Oil exports from Alaska, meanwhile, are increasing as Asian buyers seek options for crude that don’t rely on passing the still mostly closed Strait of Hormuz. On Monday evening, Northern Journal reported that two tankers had departed the Alaskan port of Valdez for Asia in recent weeks. That’s the same number of crude shipments to Asia in all of 2025.
Another day, another large-scale Hualong One reactor begins construction in China. Crews poured the first major concrete for the fourth reactor at the Taipingling nuclear plant in Huizhou, in China’s southern Guangdong province. It’s the fourth of six Hualong Ones, Beijing’s flagship gigawatt-scale pressurized water reactor, planned at the site. Russia, meanwhile, remains so determined to move forward on international exports of its own gigawatt-sized pressurized water reactors that the Kremlin’s state-owned nuclear company, Rosatom, has said it’s still constructing the second two units at Iran’s first and only atomic power station, despite the ongoing conflict with the U.S. and Israel.

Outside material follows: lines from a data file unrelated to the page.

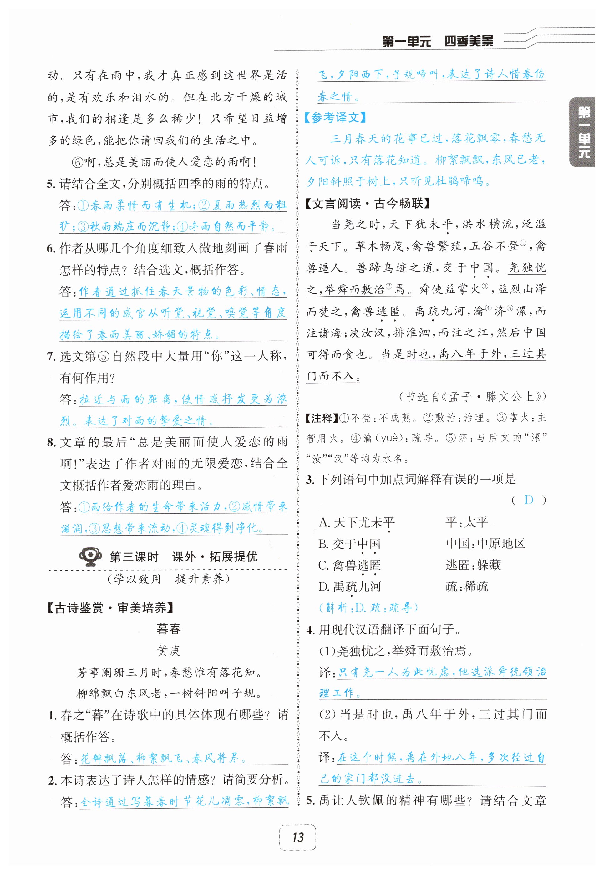 注:目前有些书本章节名称可能整理的还不是很完善,但都是按照顺序排列的,请同学们按照顺序仔细查找。练习册 2025年名校金典课堂七年级语文上册人教版 答案主要是用来给同学们做完题方便对答案用的,请勿直接抄袭。
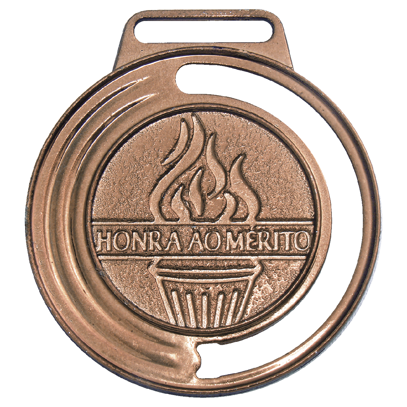 Medalha redonda fundida em liga metálica de zamac, com o tamanho de 40 mm de diâmetro e centro liso com 25 mm de diâmetro. Com tocha no centro com descrição de Honra ao Mérito em baixo relevo, no lado esquerdo vazado e no lado direito com dois frisos. Espessura máxima de 2,2 mm. Metalizada na cor bronze. Suporte para fita com 1,5 cm de largura. A medalha pode vir acompanhada de fita de cetim nas cores azul, vermelha, amarela, branca ou verde com 1,5 cm de largura.
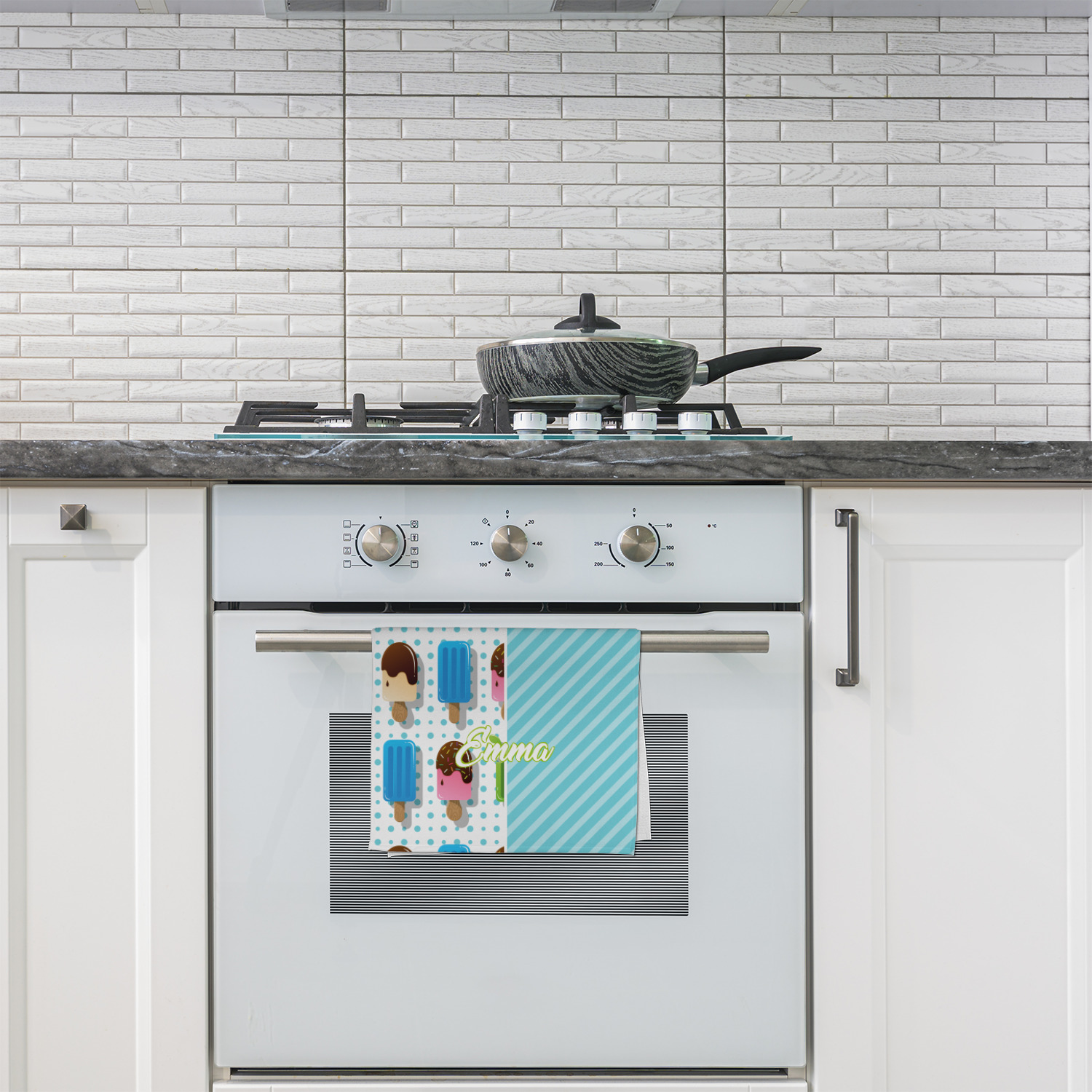 This design is a fun light teal, with pops of lime green and other bright colors. This design is split right down the middle so that you can have two fun patterns on either side The left half are four different kinds of popsicles that repeat in this cute design, with teal polka dots sitting behind them. On the other half is your fun slanted teal stripes pattern.
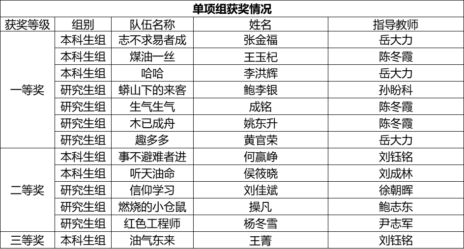附:开云kaiyun官方网站学生在第五届全国油气地质大赛上获奖名单

While at least two companies have broken ground on new commercial reactors in the U.S. in recent weeks, the U.S. industry’s most recent headlines offer a different snapshot of where the American atom is at. TerraPower, the Bill Gates-founded next-generation reactor developer that just began construction on its first power plant in Wyoming, has joined other nuclear startups in the race to generate early revenue by manufacturing and selling rare medical isotopes. Back in March, I broke news in this newsletter that the reactor startup Oklo had earned its first Nuclear Regulatory Commission license for a medical isotope facility. Now TerraPower is constructing its first medical isotope plant at a laboratory in Philadelphia, Pennsylvania. At the other end of the U.S. industry, Fermi America, the startup founded by former Texas Governor Rick Perry to build a record-breaking data center complex powered by a series of giant Westinghouse AP1000 reactors, is scrambling to save itself from total collapse following the firing of its chief executive officer. In a bid to avert disaster, the company’s second-largest shareholder, the investment firm Caddis Capital, told NucNet it supports Fermi’s attempt to turn things around.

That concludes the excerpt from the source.